The CIA has confirmed that it destroyed at least two videotapes showing the interrogation of two suspected al-Qaeda operatives in 2005.
Government officials said the tapes showed agency operatives in 2002 subjecting terrorism suspects to severe interrogation techniques, according to the New York Times.
CIA chief Gen Michael Hayden yesterday said the decision to destroy the tapes was made within the CIA in 2005.
He claimed the tapes were destroyed to protect the safety of undercover officers and because they no longer had intelligence value.
The American Civil Liberties Union has voiced concern at the CIA's action on the videotapes.

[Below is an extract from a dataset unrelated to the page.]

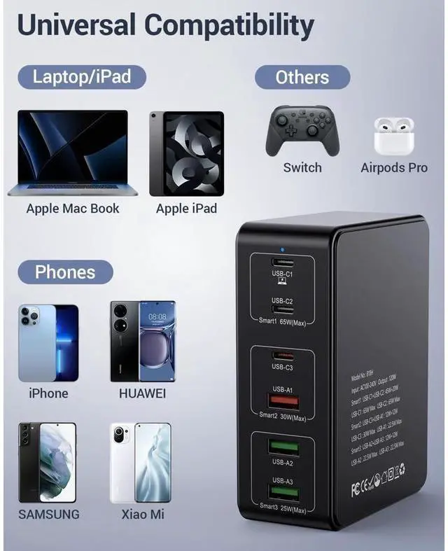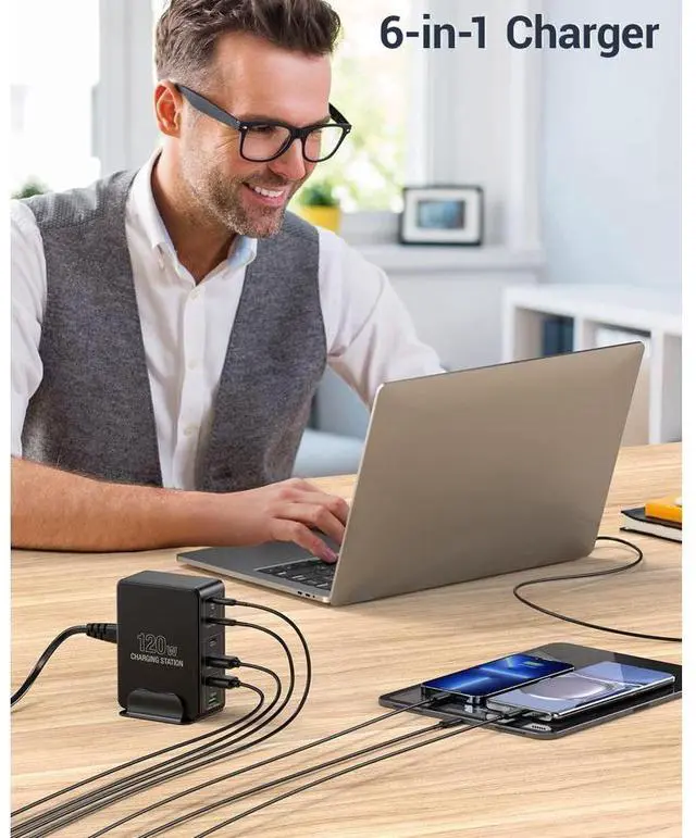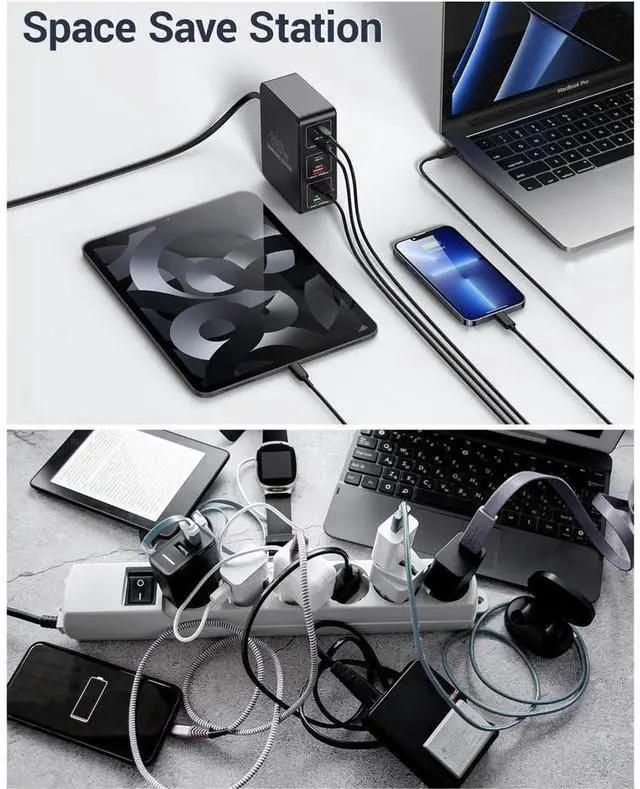 Multiport usb charging station with 3 USB-A QC 3.0 ports, 3 USB-C PD 3.0 ports; 65W x 2 USB C port when used independently, providing full speed PD charging for loptops. Themultiple usb charging stotion supports 6 devices uSB fost chorging ot the some time. worldwide 100V-240V AC input voltage, compoct and tight design makes the usbcharging stotion covenience and portobility handy for home, office, and travel.

It said the destruction of the tapes appears to be part of an extensive, long-term pattern of misusing executive authority to insulate individuals from criminal prosecution for torture and abuse.
John Rockefeller, Senate Intelligence Committee chairman, said the committee must review the full history and chronology of the tapes, how they were used and the reasons for destroying them, and any communication about them that was provided to the courts and Congress.
He said they were provided with very limited information about the existence of the tapes, were not consulted on their usage, or the decision to destroy the tapes.
Mr Rockefeller said they did not learn until much later in November 2006 that the tapes had in fact been destroyed in 2005.
CIA chief Hayden, in a letter to employees, said the tapes posed a serious security risk, that there was no legal or internal reason to keep them and that the sessions had already been 'exhaustively detailed'.
The letter went on to mention that if the tapes were ever to leak, they would permit identification of CIA colleagues who had served in the program, 'exposing them and their families to retaliation from al-Qaeda and its sympathisers.'
The US, following the 11 September attacks, launched a programme allowing intelligence services to detain and question terrorist suspects, including questioning techniques that remain secret.
A 2004 report warned that some CIA-approved interrogation procedures appeared to violate the international Convention Against Torture.